Keller’s and Longino’s arguments can be of help in further refining my characterization of feminist epistemology. My claim is not that an ideal of solidarity replaces that of truth as a “criterion” of knowledge (a claim that would make little sense), but that ideals of community and solidarity figure centrally in articulating the ideal of knowledge, namely truth. In other words, truth is not a value or ideal that is empty of substantive (and specifically, social) content. Again, this reverses Habermas’s conceptual scheme, which relies upon a vision of interpersonal argumentation (truth-seeking) to articulate the ideal community.

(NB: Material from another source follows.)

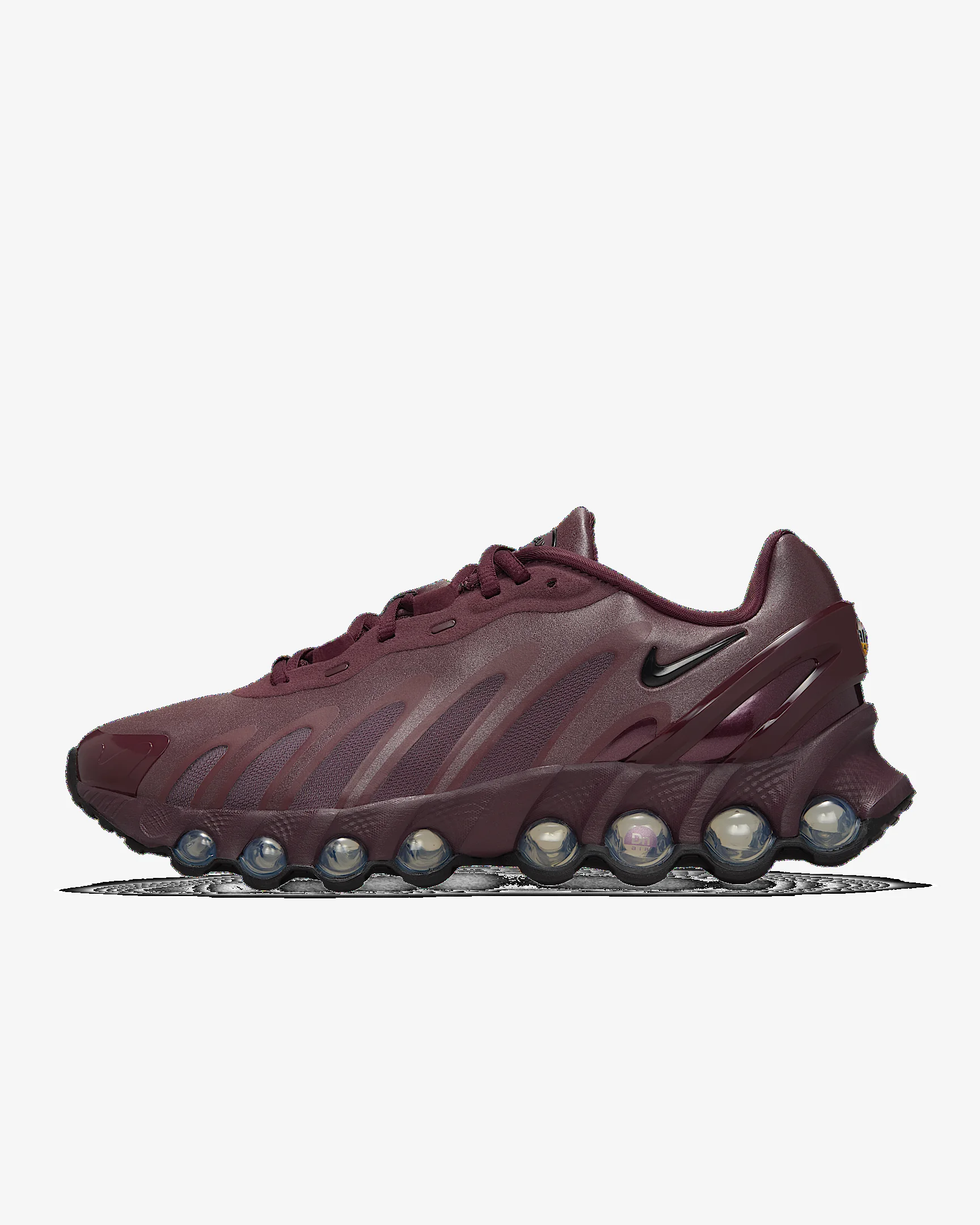 More Air, less bulk. The Dn8 takes our Dynamic Air system and condenses it into a sleek, low-profile package. Powered by eight pressurized Air tubes, it gives you a responsive sensation with every step. Enter an unreal experience of movement. More Benefits - Plastic heel clip helps hold your foot down for more containment. - Extra layer across toe tip adds durability. Product Details - Glossy Swoosh logo - Not intended for use as Personal Protective Equipment (PPE) - Shown: Burgundy Crush/Burgundy Crush/Metallic Silver/Black - Style: HF5509-602

In summary, there is some convergence in feminist epistemology with Habermas’s insight that ideals of community are developed in tandem with conceptions of reason and knowledge. Habermas’s argument that the knowledge that belongs to the subject is knowledge only in virtue of that subject’s relation to a community of knowers is consistent with what most feminist writers on knowledge have proposed. However; feminist critics of epistemology have rejected the sceptical issues and anticipated resolutions central to epistemology since Descartes, issues still present in Habermas’s defense of the possibility of science and universal ethical laws against the solipsistic and sceptical threat of relativism.29 Feminist theorists have rejected this project because it presupposes the very isolation of the subject that the project itself
seeks to overcome. But if the alleged isolation and detachment of the knowledge-seeking subject is not a threat countenanced by feminism, then what interest do women have in developing a conception of reason and knowledge at all? Is epistemology to feminism what social science was to Marx—a web of obfuscation, constructed to make the unreal seem real, and the real seem unreal? Perhaps, if the only point to having a theory of knowledge were to overcome the legacy of Cartesian scepticism. However, other options have emerged. In the final section of this paper, I wish to draw upon these insights about the dependence of thought, analysis and knowledge for feminist visions of solidarity, but first, it is necessary to further explore the content of feminist solidarity.